Твои девочки… Слеза невольно покатилась по щеке. Я быстро смахнул её, чтобы не увидел никто. Сложил письмо и положил во внутренний карман гимнастёрки.

Достав листок и карандаш, стал писать о произошедших событиях, о своих мыслях и переживаниях. Моё письмо не получилось больше, чем у неё, но, думаю, этого хватит. Снова прошу ответить мне.

 

***

Кормят здесь, конечно, плохо. Еды уже стало не хватать. Да и та, что есть, какая-то безвкусная, постная, сухая. Хорошо, хоть хлеба дают достаточно. Хлеб не всегда свежий, но это не страшно, даже зачерствевшие корки мы съедаем до самой крошки. Я иногда возьму краюшку и грызу её ночью, когда желудок совсем сводит.

Мама Ивана живёт совсем недалеко, часто присылает ему то вещи, то еду, то письма. Он уже не делится со всеми. Лишь иногда, когда никто не видит, достанет банку с молоком или кулёк семечек и угощает меня. Мы с ним очень подружились. Я рассказал ему о своей семье, о Маше, о Лене, рассказал о прошедшей жизни, о планах.

Он всегда находит, что рассказать. У него полно историй из школьной жизни, много говорил он о своей маме, о невесте своей Марусе.

Мне даже стало стыдно, что он делится со мной своей едой, а мне с ним поделиться нечем. Тогда я стал давать ему советы по командованию. Он жадно ловил каждый мой совет, каждый наказ и каждое предложение, сказанное ему. Он всегда благодарил меня за это, ведь сам он только школу закончил, мало чего знает.

За очередной ночной трапезой, когда мама прислала ему варёных яиц, он признался мне, что письма его скучны, мама его пишет только о том, что собака сделала, что корова, что куры, она мало писала ему о Марусе, ничего не писала о себе, как бы он ни просил, да и вообще писала она ему редко. Он заметил, что мне письма приходят часто, и письма эти всегда большие.

Я подумал, что он мне уже, как родной, и сказал, что буду читать ему свои письма вслух. Его глаза загорелись, в них отразилась признательность.

 

***

Однажды мне принесли не письмо, а коробку.

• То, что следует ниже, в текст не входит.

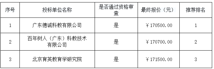 談判結(jié)果:最終談判小組一致推薦廣東德誠(chéng)科教有限公司為成交單位,成交金額為人民幣170500.00元(大寫(xiě)金額:壹拾柒萬(wàn)零伍佰元整)。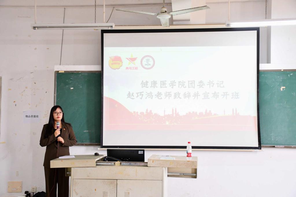 出席本次开班仪式的有:健康医学院学生第一党支部书记何泓老师,学生第二党支部书记、院团委书记赵巧鸿老师,辅导员李倩老师、杨敏娟老师、李康容老师、钟柳熙老师、王宏越老师、林炯智老师以及第三期青马培训班全体学员。

Иван удивился точно так же, как и я, ведь письмо, лежащее на коробке, было совсем маленькое, если сравнивать его с предыдущими, а вещи мне раньше не присылали.

О начал читать письмо вслух, как и обещал:

 

«Боренька, у меня для тебя есть новость. Прежде, чем прочитаешь, лучше сядь.

Пару дней назад я стала чувствовать себя плохо, в животе кололо, вялость, слабость… Я пошла к врачу. Он провёл тщательное обследование.

Знаешь, что он мне сказал? Что не то время я выбрала, чтобы ребёнка заводить. Да, Боря, я беременна. У нас с тобой будет ещё один малыш. Я надеюсь, что ты очень рад, ведь мы давно планировали с тобой второго ребёнка. Твоя мама очень рада, я тоже. Леночка в последнее время стала часто гладить мой живот и лепетать что-то, такая смешная.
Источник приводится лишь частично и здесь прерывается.